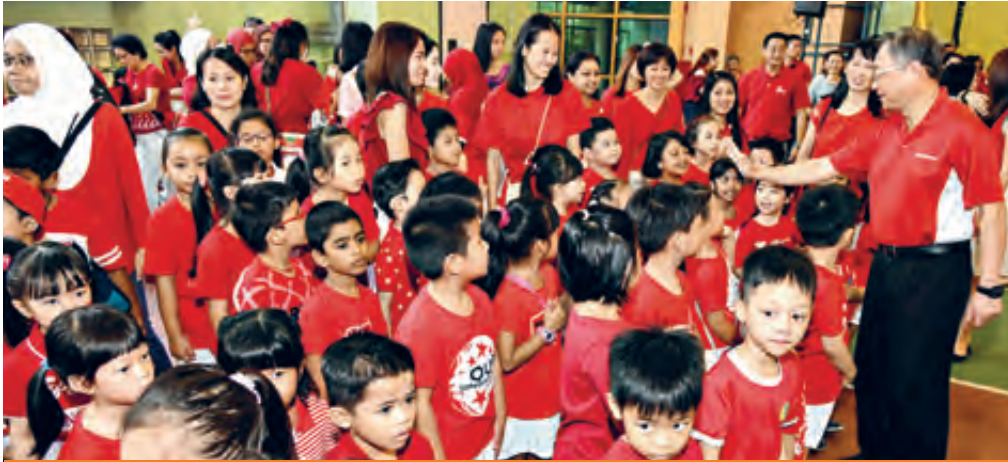
Celebrating National Day with Chua Chu Kang pre-schoolers and their teachers.

A look back at some beautiful memories forged with our family, friends and neighbours at various community events.
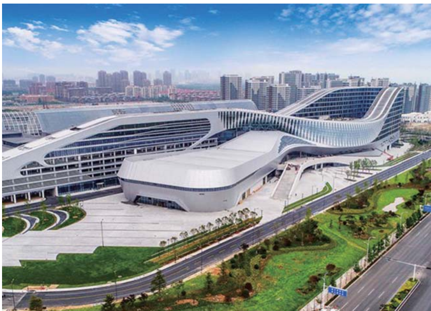
西海岸新区中铁博览城。

英国塔苏斯大中国区总裁马克在考察了世博城建设情况后盛赞道:“青岛世博城从规划设计到施工建设都很高端,可以媲美米兰世博主展馆。”
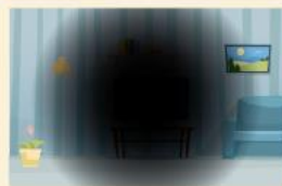
黃斑部病變 中心視野受損
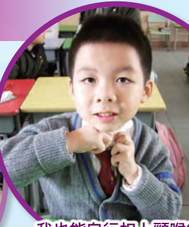
我也能自行扣上頸喉鈕了！
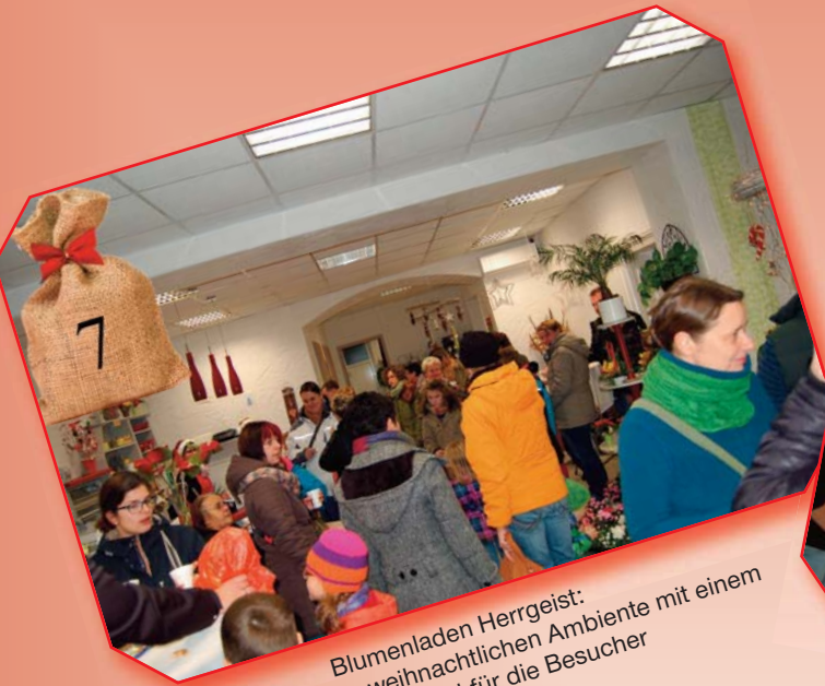
Blumenladen Herrgeist: Tagesausklang im weihnachtlichen Ambiente mit einem kleinen Präsent für die Besucher
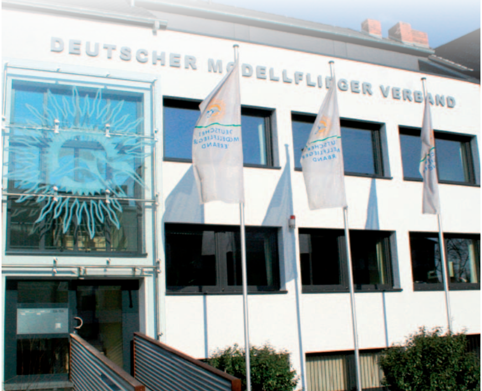
Das „Haus des Modellflugs“ in Bonn

Der DMFV ist die erste Anlaufstelle der Modellflieger und verfolgt lediglich Ziele, die im Interesse der Modellflieger und der Modellflugvereine liegen. Modellflug ist Sport, Wissenschaft, Technik, Freizeit und Hobby für alle Altersgruppen. Jährliche Zuwachsraten sind ein Indiz für die steigende Attraktivität des Modellflugs auf der Grundlage eines kompletten Dienstleistungsangebotes des DMFV. Dafür setzen sich DMFV-Präsidium, DMFV-Ehrenamtsträger in Sport- und Gebietsbeirat sowie alle Mitarbeiterinnen und Mitarbeiter in der DMFV-Geschäftsstelle gleichermaßen ein.
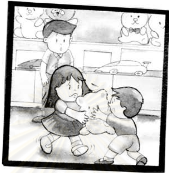
น้องกำลังแย่งตุ๊กตาจากพี่
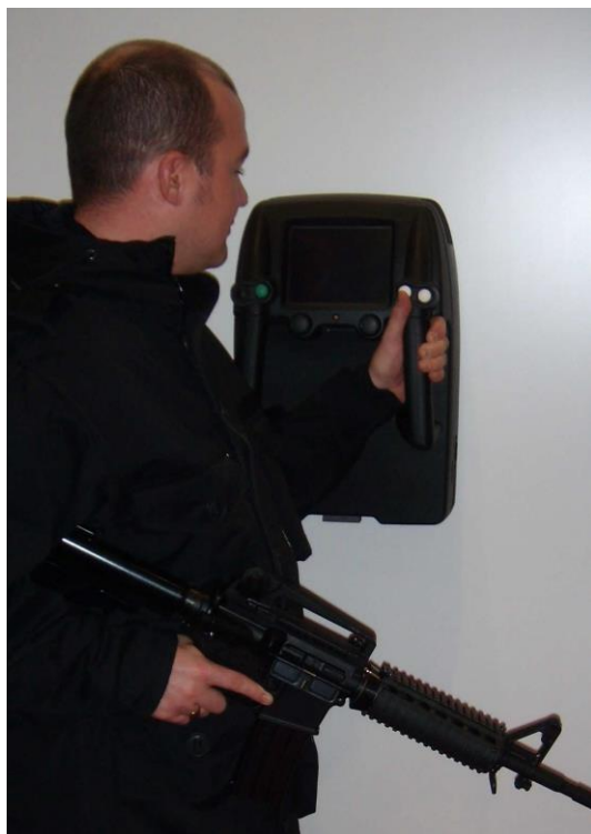
圖 2：3D穿牆人體偵測設備

* * * * *

_What is being asked:_ Leave the pictures out and reproduce exactly the lines from the top of the listing above through the line with "น้องกำลังแย่งตุ๊กตาจากพี่".

_Task output:_
Celebrating National Day with Chua Chu Kang pre-schoolers and their teachers.

A look back at some beautiful memories forged with our family, friends and neighbours at various community events.
西海岸新区中铁博览城。

英国塔苏斯大中国区总裁马克在考察了世博城建设情况后盛赞道:“青岛世博城从规划设计到施工建设都很高端,可以媲美米兰世博主展馆。”
黃斑部病變 中心視野受損
我也能自行扣上頸喉鈕了！
Blumenladen Herrgeist: Tagesausklang im weihnachtlichen Ambiente mit einem kleinen Präsent für die Besucher
Das „Haus des Modellflugs“ in Bonn

Der DMFV ist die erste Anlaufstelle der Modellflieger und verfolgt lediglich Ziele, die im Interesse der Modellflieger und der Modellflugvereine liegen. Modellflug ist Sport, Wissenschaft, Technik, Freizeit und Hobby für alle Altersgruppen. Jährliche Zuwachsraten sind ein Indiz für die steigende Attraktivität des Modellflugs auf der Grundlage eines kompletten Dienstleistungsangebotes des DMFV. Dafür setzen sich DMFV-Präsidium, DMFV-Ehrenamtsträger in Sport- und Gebietsbeirat sowie alle Mitarbeiterinnen und Mitarbeiter in der DMFV-Geschäftsstelle gleichermaßen ein.
น้องกำลังแย่งตุ๊กตาจากพี่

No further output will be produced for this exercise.